Unfortunately, I’ve seen fintechs that focus on sheer feature velocity or build things that just look “cool” versus thinking critically about their customers’ needs and how to add value to their everyday lives. Some fintechs boast a vast number of third-party integrations for their users, but in reality, many of these external services are rarely used by their target segment. This kind of window dressing is a misallocation of resources that could be better spent improving and iterating your core offering.
Another example: many consumers don’t actually want or need sophisticated financial visualization tools, like cash-flow prediction. But we continue to see these extraneous features in banking apps because, again, they look cool (or sound good to investors). But backend functionality, like fast money movement, should be prioritized instead.
This isn’t to say that I’m against adding features where appropriate. But in doing so, fintechs should ask two important questions when deciding what features, third-party integrations, or products to add to an offering:
- How is the incremental addition to your platform creating more value to your offering (versus just being a supermarket)?
- Do your customers really care?
Functionalities should be purposeful, thoughtful and driven by customer needs or feedback. People will find a way to access the services they need, whether it’s within your platform or living elsewhere. There are needs in the market and so many jobs to be done, so question whether a given functionality is your company’s job.
Mistake #4: Neglecting live support in favor of technology
Digital finance doesn’t mean 100% self-serve. Of course, the model must work and offer efficiencies from being digitally native, but there are many areas – banking being one of them – where live support is vital. Over-reliance on AI-powered chatbots, voice assistants or self-serve online resources is not only poorly received by current users, but does a disservice to the growth of your business.

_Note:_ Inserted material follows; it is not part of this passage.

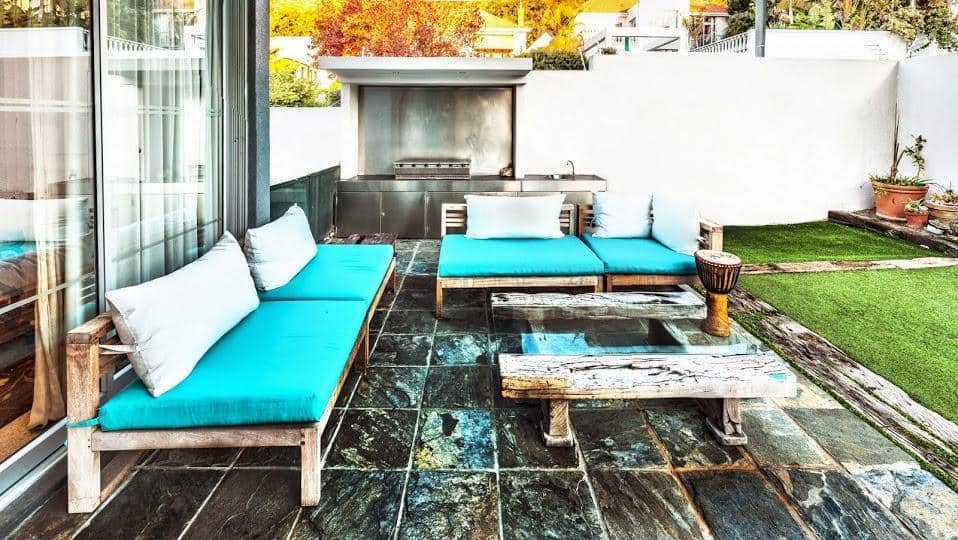 There is a Solar heated pool, small garden with outside seating and outdoor gas cooker (braai).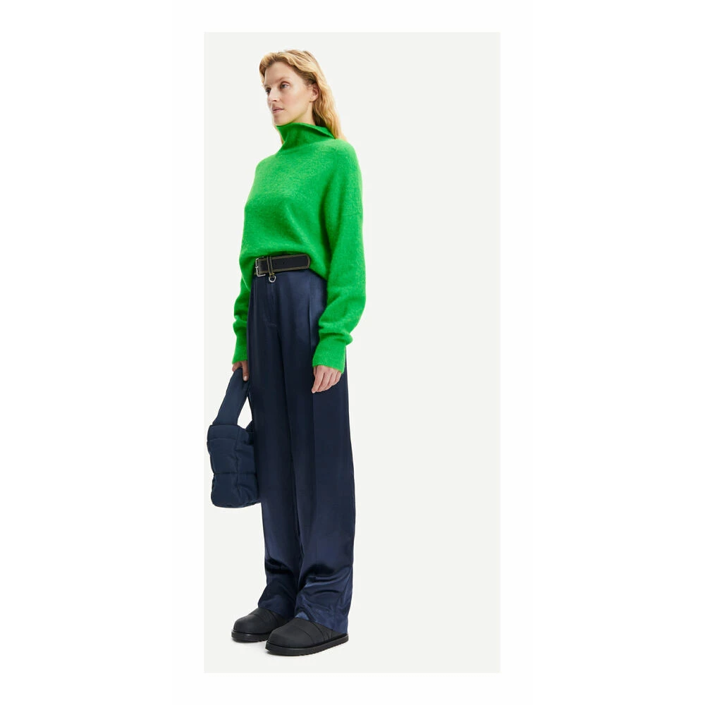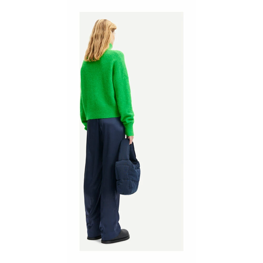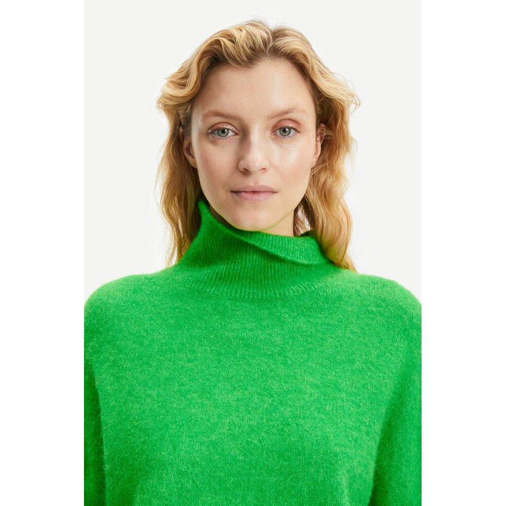 Nola er en grønn turtleneck fra Samsøe Samsøe. Avslappet passform, lange ermer og lang hals. Laget av 32% ull, 32% alpakka, 30% resirkulert polyester og 6% elastan.

This goes back to the idea of understanding that your offering is more than a product – it’s excellent to have a resource center for common questions or troubleshooting, for example, but relying solely on that plus email support is a major shortcoming. Robust customer support services require various avenues of contact – email, phone, SMS, in-app chat assistance – and, importantly, reliable human support. Never needed, always there should be what you’re optimizing for and ultimately what customers appreciate.
Granted, building out just that initial support service is an investment that many young companies don’t consider in due time. Building, training and operationalizing a 100-person support team is no small undertaking and one that many fintechs, unfortunately, skip out on to the detriment of their users’ experience.
With so much on the horizon for fintechs of all types this year, consider some of these potential opportunities to change how you prioritize some areas of your business this year.
The market is getting more and more crowded, and underlying technology, robust capabilities and products will be the factors that propel companies forward.
Eyal Lifshitz is CEO and cofounder of BlueVine.